ROTC members visit Mongolia, Djibouti
Alexander Herty never expected he would have the opportunity to travel to Djibouti, Africa. Likewise, Deanna Mikell never saw herself traveling to Mongolia on her own. However, thanks to the Army ROTC’s Cultural Understanding and Language Proficiency Program (CULP), both Herty and Mikell traveled far over the summer.
Herty, 24, studies information technology at The University of Southern Mississippi. He said he decided to join ROTC his sophomore year of college in the hopes of pursuing his larger goal of becoming a commissioned officer in the United States Army.
“Serving is something I really wanted to do,” Herty said. “Being a future officer is more challenging, and ROTC is a really good vehicle to get to my goal.”
Mikell studies at William Carey but is a member of the Southern Miss ROTC. She has participated in ROTC since high school for many of the same reasons as Herty.

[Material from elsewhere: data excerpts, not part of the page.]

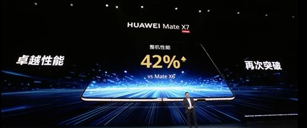 快科技11月25日消息,今天的华为新品发布会上,余承东宣布华为最新折叠屏手机Mate X7整机性能相比上代Mate X6提升了42%。
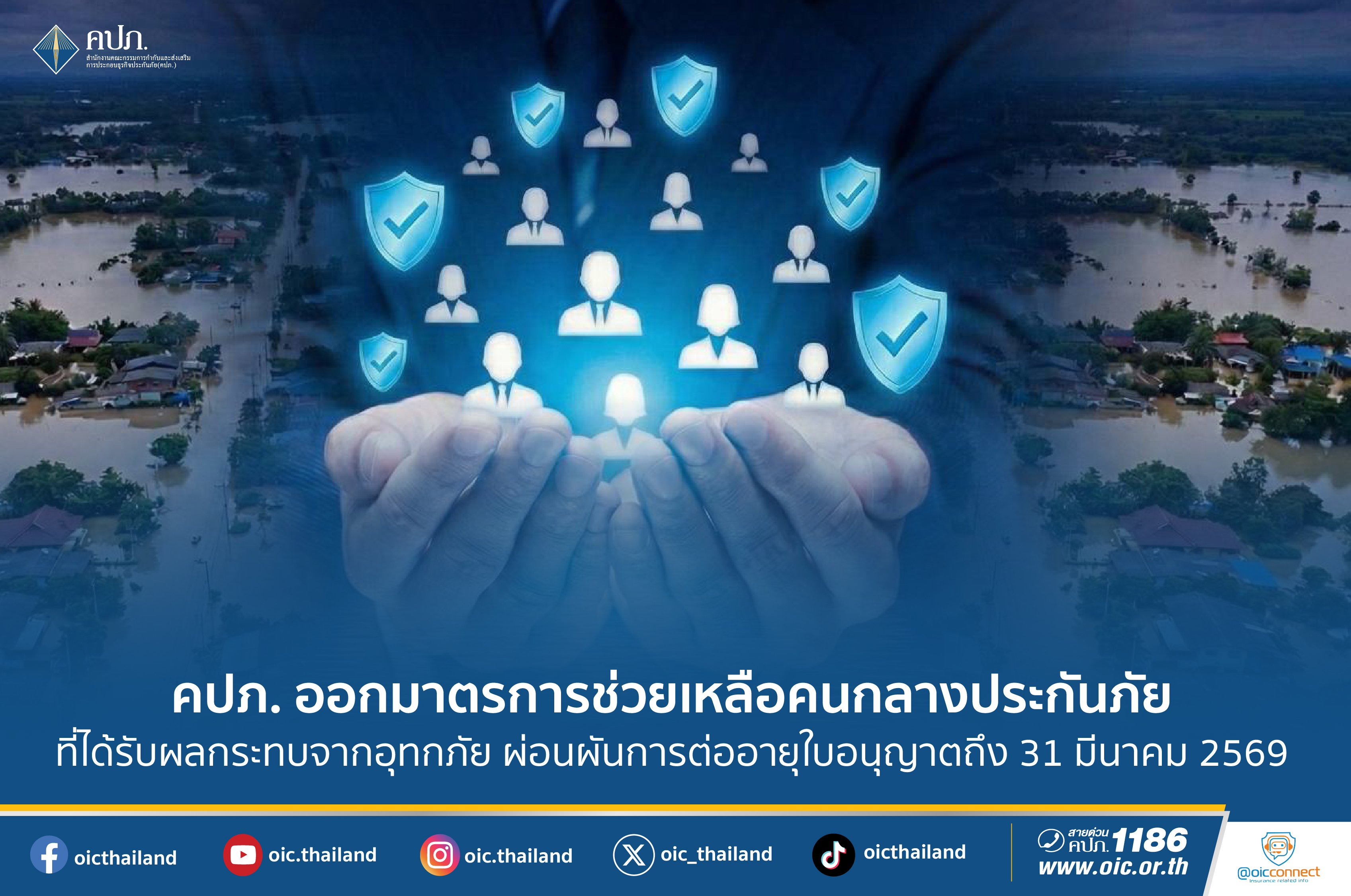 คปภ. ออกมาตรการช่วยเหลือคนกลางประกันภัยที่ได้รับผลกระทบจากอุทกภัย ผ่อนผันการต่ออายุใบอนุญาตถึง 31 มีนาคม 2569
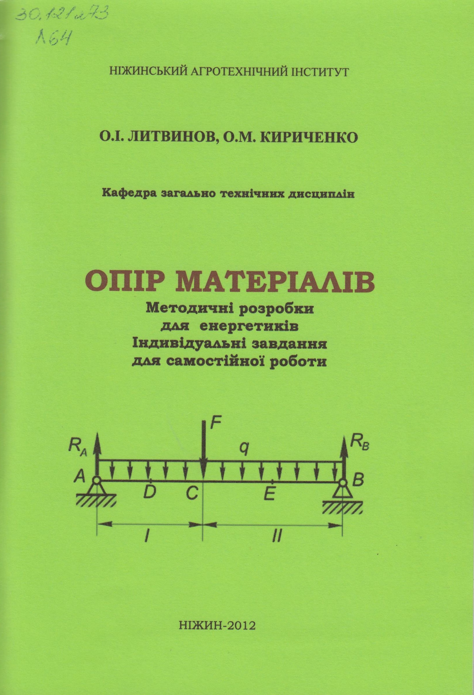620.17(075.4) Литвинов О.І. Опір матеріалів [Текст] : методичні розробки для енергетиків. Індивідуальні завдання для самостійної роботи / О.І. Литвинов, О.М. Кириченко. - Ніжин : НДУ ім. М. Гоголя, 2012. - 96 с.

“It was an opportunity to continue what I loved and pursue a bigger goal of joining the army as an officer,” Mikell said.
The Army ROTC’s CULP program provides ROTC cadets across the nation opportunities to travel to foreign nations and learn skills that can only be obtained outside of a classroom. As part of the experience, cadets participate in military-to-military exchange, language and cultural learning and humanitarian service.
According to the Army ROTC website, CULP’s goal is to teach ROTC cadets more cultural awareness and foreign language skills. This year, over 1,300 Army ROTC cadets traveled to 42 different countries as part of the CULP program.
At first, Mikell did not know what to expect when she traveled to Mongolia, an East-Asian country landlocked between China and Russia.
Mikell said she quickly adjusted to the people and culture soon after arriving.
“They were very friendly and treated you like family, especially Americans,” Mikell said.
Mikell’s mission focused on strengthening the English speaking skills of her Mongolian counterparts. In return, Mikell was instructed in Mongolian culture, language and military training.
Mikell said her mission was a beautiful experience that helped her grow as an ROTC cadet.
“I know I can go without certain tools, because they go without them all the time,” Mikell said. “They made stuff last when they did not have the materials. We have all the things we need, so I need to learn to use them to the best of my ability and learn as much as I can while I am in ROTC so that I can be better equipped for overseas training.”
While Mikell was in Mongolia, Herty carried out a similar mission in Djibouti, a small nation in the Horn of Africa. Djibouti is smaller than the state of Rhode Island, but the port-nation handles many responsibilities in their part of the world as a major commercial hub.
“I’m glad I got to go,” Herty said. “I got to work alongside their cadets, taught them military classes and first aid, troop leading procedures and general military knowledge. Then they taught us their version.”
Herty said it was a great experience that taught him much.
“The most important thing is more practice and experience working with people from other countries and different cultures,” Herty said. “More appreciation for what people do across the world, and I’m a lot more humble and thankful for what I have here. I was so impressed with how much they do with how little they have.”
Herty and Mikell recommended that cadets participate in the CULP program if given the opportunity.
“Try to take any opportunity the Army has to work with foreign countries,” Herty said. “It’s given me a greater understanding of how foreign relations work. I highly suggest it, it is an invaluable experience. If I could, I would do it every summer.”